Can I use MarcEdit to dedupe records in a delivered file?
Symptom
- Occasionally vendors (WCP aka WorldCat Cataloging Partners vendors) may send an invoice more than once, resulting in duplicate (or even more) copies of records within a file delivered for download by the user. OCLC’s system does not dedupe the files received from vendors, OCLC’s system is working as designed. The provider is sending the duplicates. The user will need to de-dupe the files before uploading them into their ILS.
Applies to
- WorldCat Collection Manager
Resolution
Many OCLC member libraries use MarcEdit* which is a free utility that they can download to use for de-duping and many other purposes. OCLC staff do not support MarcEdit but the steps below may help a user through this process.
Deduping MARC files
Windows machines:
MarcEdit Record DeDuplication with a MARC File for Windows
- Open MarcEdit.
- Open the Tools drop-down menu in the Toolbar at the top of the Window.

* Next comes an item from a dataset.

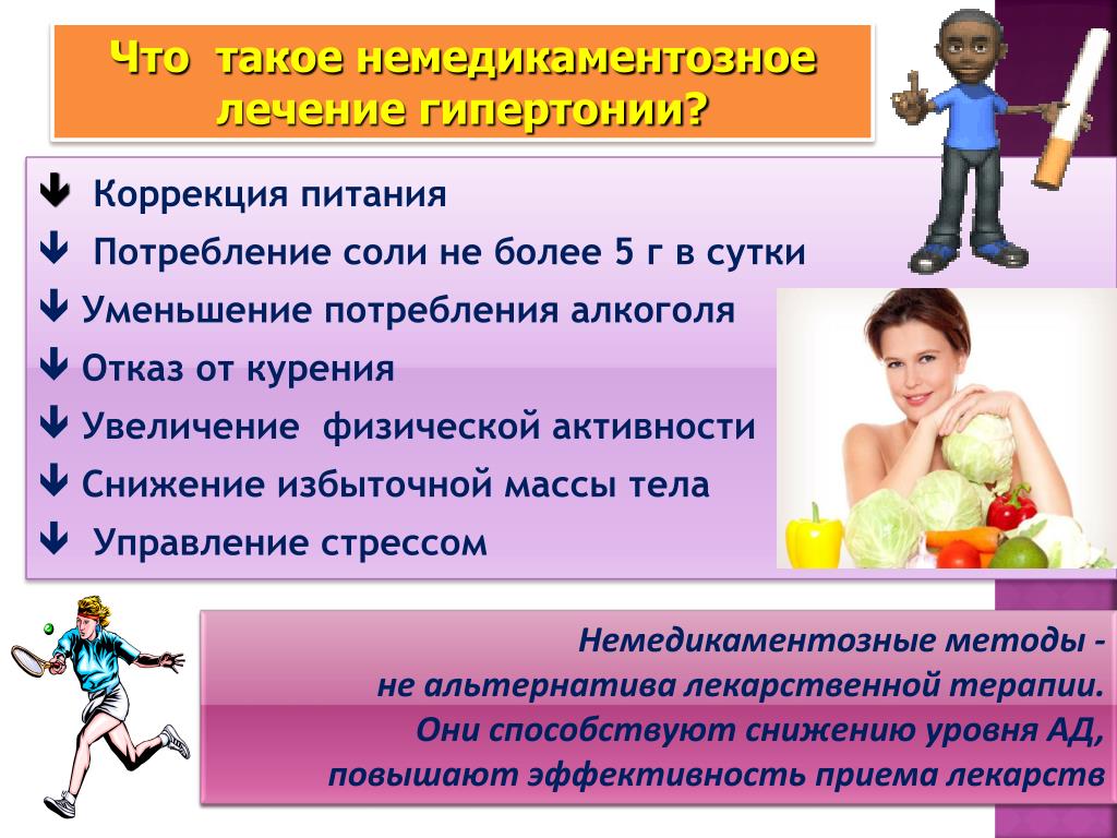 Что такое немедикаментозное лечение гипертонии? • Коррекция питания • Потребление соли не более 5 г в сутки • Уменьшение потребления алкоголя • Отказ от курения • Увеличение физической активности • Снижение избыточной массы тела • Управление стрессом Немедикаментозные методы - не альтернатива лекарственной терапии. Они способствуют снижению уровня АД, повышают эффективность приема лекарств

- Select MARC Processing Tools
- Select Find Duplicate Records.
- Specify the file you need to deduplicate.
- Specify the path to the file where you want to save the duplicates.
- Click on the Save Button.
- Click on the Next Button.
- Select the OCLC Number for the Control Field.
- Leave Dedup Keeping set to the default of "First Record".
- Click on the Process button.
And the save file contains the deduplicated records.
MACs:
This workflow will help libraries de-dupe their WorldCat Cataloging Partners record files USING MACs.
- Use MarcEdit to export OCLC numbers (MARC field 001) into a tab-delimited text file that can be opened in Excel. You can optionally include title field (245 $a) so the title is in the list.
- Use MARCsplit to separate the records into individual files
- Have records split into their own folder on the local computer
- Set “Records per file to 1”
- Leave “Number of files box unchecked”
- Review the list of OCNs, duplicates should be grouped. Use conditional formatting in Excel to highlight duplicate values if they are not grouped.
- Move one of the copies of each record into a new folder
- Use MARCjoin to merge the single copies into one file for easy loading, or load the records one at a time.
Download MarcEdit
*MarcEdit is not owned by OCLC, it is a free utility used by many libraries.